How can an ISP or mobile install a new certificate onto your computer? I know
how companies do it as they send their IT bud round to do it. Or is SSL far
less secure than I thought? Totally exposed to MITM attacks?

The SSL decryption is happening all in one massive centralized place. Running
through one legal company. Completely under American jurisdiction. The server
doesn't have the SSL certificate, CloudFlare does:

[http://blog.cloudflare.com/easiest-ssl-ever-now-included-
aut...](http://blog.cloudflare.com/easiest-ssl-ever-now-included-
automatically-w)

I'm more than willing to admit being wrong. But I don't see how CloudFlare
being able to inspect all SSL traffic between two parties is anything like
ISPs and mobile providers having proxies.

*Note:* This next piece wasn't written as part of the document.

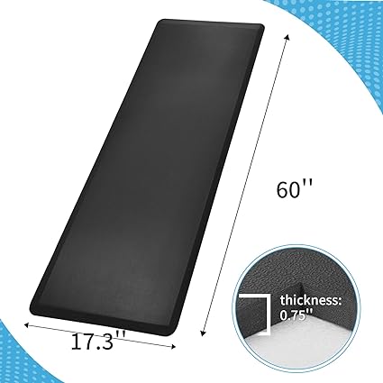 3/4 Inch Thick Anti Fatigue Kitchen Mat, (28"x17.3", Black)

And worse the consumer has no reasonable expectation that a third party is
even involved. Will all EU startups need to start putting disclaimer clauses
in?

I'm not suggest your CEO want's to become the new go to guy for FBI wire
tapping, I'm just saying he could be forced to and given the current climate
in America it's a bit worrying that everyone's going to CloudFlare if this is
the case.

It just seems, well, all a little dangerous. Imagine someone hacking
CloudFlare. Wow, they're really becoming a very high value target.